In general I am mildly improving, as well, at least within the last week or so. I get out more often and by myself most days, even if I can only last an hour or so. Also the minor tweaks made in my treatment regime by my mentor has vastly improved my irritability and anger AND I’m even pre-menstrual—this is markedly the best pre-menstrual phase I’ve had in a couple of years in terms of by not getting much worse than usual. This may be the acupuncturist helping me as well, as she helped with the other hormonal problems I’m having too. So, again, in general, I’m improving though it’s still an up and down, two steps forward, one step back sort of thing. However, having any sense of improvement now is a major improvement in and of itself!
Thanks for hanging in there all my readers. Again I’m really wanting to switch gears on this blog, but I really can’t just yet. And I must accept my reality as it is now.
I’m currently reading and watching stuff with Eckhart Tolle, who I purposely stayed away from for a really long time. He’s such a pop phenomena it turned my stomach in the past and put me off of reading him. Oprah has raised his profile to insanely famous guru status calling him a prophet. Yuck, was my only reaction…
BUT, when I finally took the time to read his stuff and watch him on video, well, I think he’s awesome and he does articulate the wisdom of the ages in a beautiful and simple way for us today. (I’ve been reading the wisdom of the ages for 2 decades, being that I was a religious studies major, and I still find his perspective wonderfully insightful and as original as something like the wisdom of the ages can be.)

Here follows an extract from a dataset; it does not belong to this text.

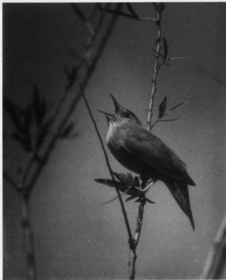
Derde prijs. Zingende Krukelzanger, Blebosch, mei 1990.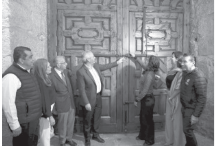
El Palacio de Gobierno, será un palacio para el pueblo, dejando de ser de reyes y virreyes, y ahora toda la población podrá apreciar la arquitectura.

Tras la restauración que se realizó de la puerta principal de este edificio emblemático

The most awesome part of his theories is that without ever using the term mental illness (because he is simply speaking about the nature of being human) he gives us the explanation of the root cause of all mental illness. These are spiritual texts, and he is explicit in explaining how one becomes mentally ill. Really how all of us are mentally ill, yes all you “normies” out there too! They are quite glorious books I highly recommend them and look for his videos online (yeah look to Oprahs website….ick!!)
I recommend, based only on these being the only books I’ve read so far, The Power of Now and The New Earth. And look for his videos on Oprah here and here. (I suppose I’m being unfair to Oprah, she just sometimes irritates the hell out of me, like when she did her segment on bipolar disorder and everyone she interviewed talked about how they were violent if they didn’t take their meds! And then she and all her producers refused to hear any alternative views. I have doctor friends who did their damnedest to reach her and the whole production team had their ears shut.) In any case she has done nothing to help us fight the stigma and has contributed to the frank bullshit propaganda about the so-called mentally ill. I will grudgingly admit she does good things from time to time. But her pop princess status annoys me in any case.
Anyway, Eckhart Tolle’s books are articulating what I’ve experienced in my more enlightened moments in the past and what I trust is in store for me in the future and I find them wonderfully reassuring.
Little postscript: Orthomolecular or integrative psychiatrists may very well know how to treat mental health issues through alternative means, and I know that most of them are okay with that. The unfortunate thing about them is that in general the people they see have successfully avoided meds altogether or, alternatively, been on meds only a short time, so that when someone like me presents they still are not a whole lot better at dealing with us than anyone else. There is virtually NO ONE out there that understands the risks of withdrawal that are a reality for some of us. We MUST be proactive and help educate the docs we choose to help us and that means we have to find docs flexible enough to listen to our experience and who are willing to read stuff we print for them off the internet. This is a generalization but a solid one in my opinion. Be careful about who you choose to trust if you’re having a complicated withdrawal.